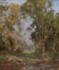 A WOODED RIVER LANDSCAPE WITH PUNT
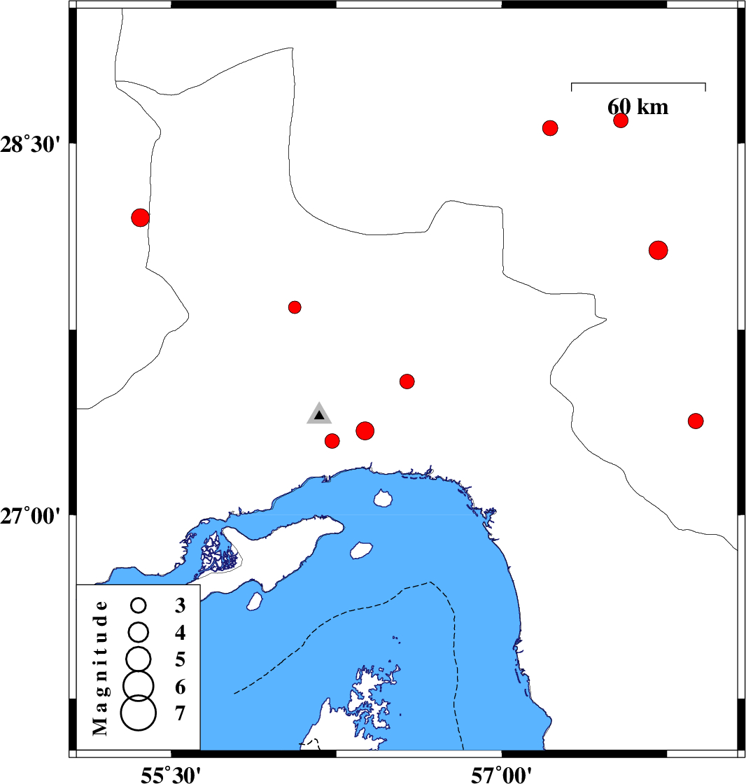 2012/08/07 | 18:52:28.6 | 23:22:28.6 | 27.34 | 56.38 | 14 | ML:3.7 | Hormozgan Province, 19 km North of Bandar-e abbas | ||
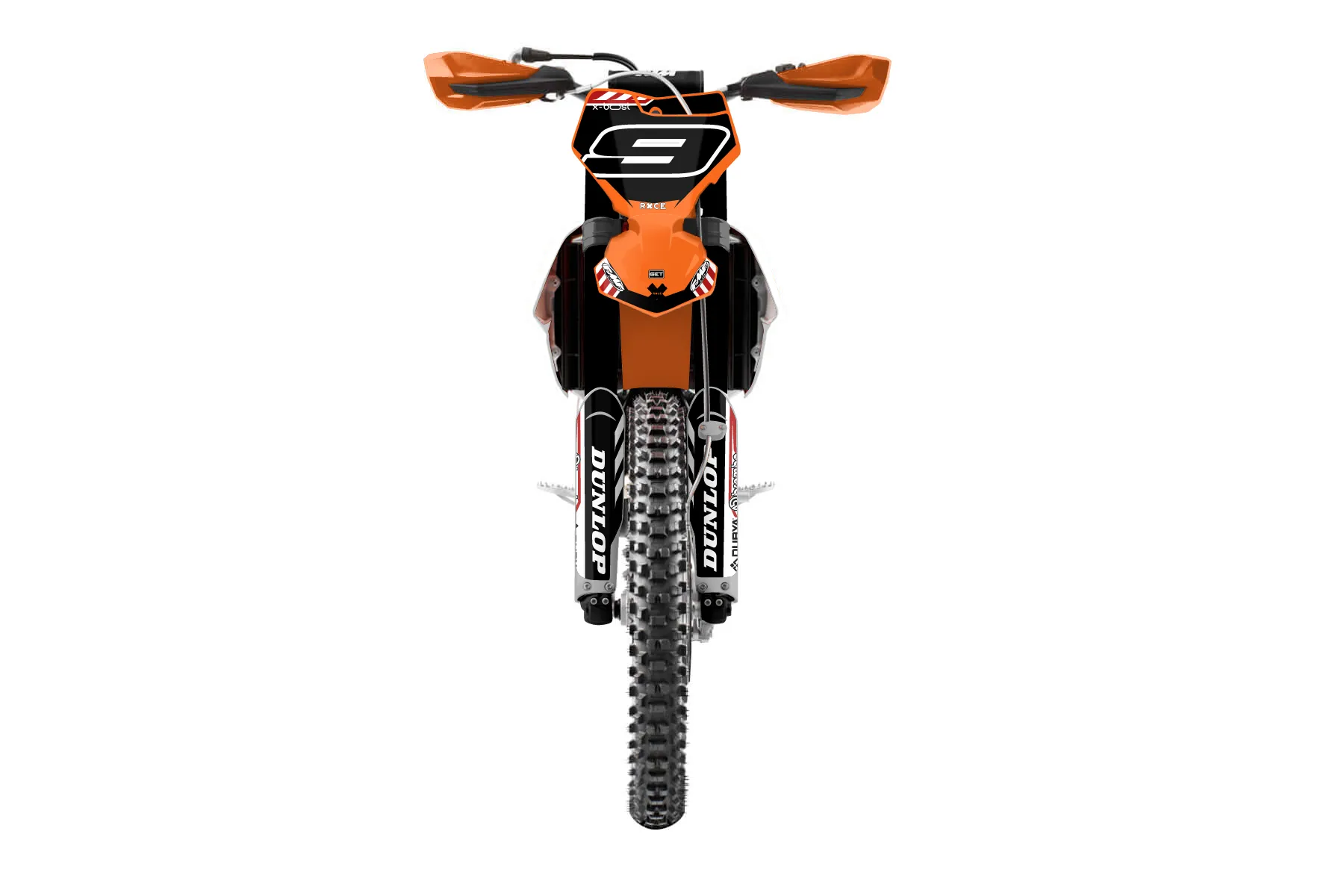 «Dude» — готовый комплект графики серии Maverick для KTM Offroad Graphic Kit KTM XC-F 250 2016. В комплекте: графика на бак и боковые облицовки, крылья (переднее и заднее), передний щиток, номерные таблички, защита вилки. Материал: ПВХ-винил 80 мкр с холодной ламинацией 300 мкр, общая толщина 380 мкр; покрытие глянцевое или матовое на выбор. Устойчив к UV-излучению, воде, бензину и мойке высокого давления. Клей акриловый на сольвентной основе — постоянный, для гибких пластиков. На простых поверхностях монтируется без нагрева; для сложных изгибов рекомендуем фен. Этот пресет можно заказать как есть или взять за основу в конструкторе: поменять цвета, добавить стартовый номер и свой бренд. Производство — 3–5 рабочих дней, доставка по России СДЭКом или Почтой, по СНГ — курьерскими службами.

▶ Exercise objective
Please return exactly the lines above, from where the listing starts to the line holding "2012/08/07 | 18:52:28.6", inclusive, with the pictures omitted.

▶ Written response
 A WOODED RIVER LANDSCAPE WITH PUNT
 2012/08/07 | 18:52:28.6 | 23:22:28.6 | 27.34 | 56.38 | 14 | ML:3.7 | Hormozgan Province, 19 km North of Bandar-e abbas | ||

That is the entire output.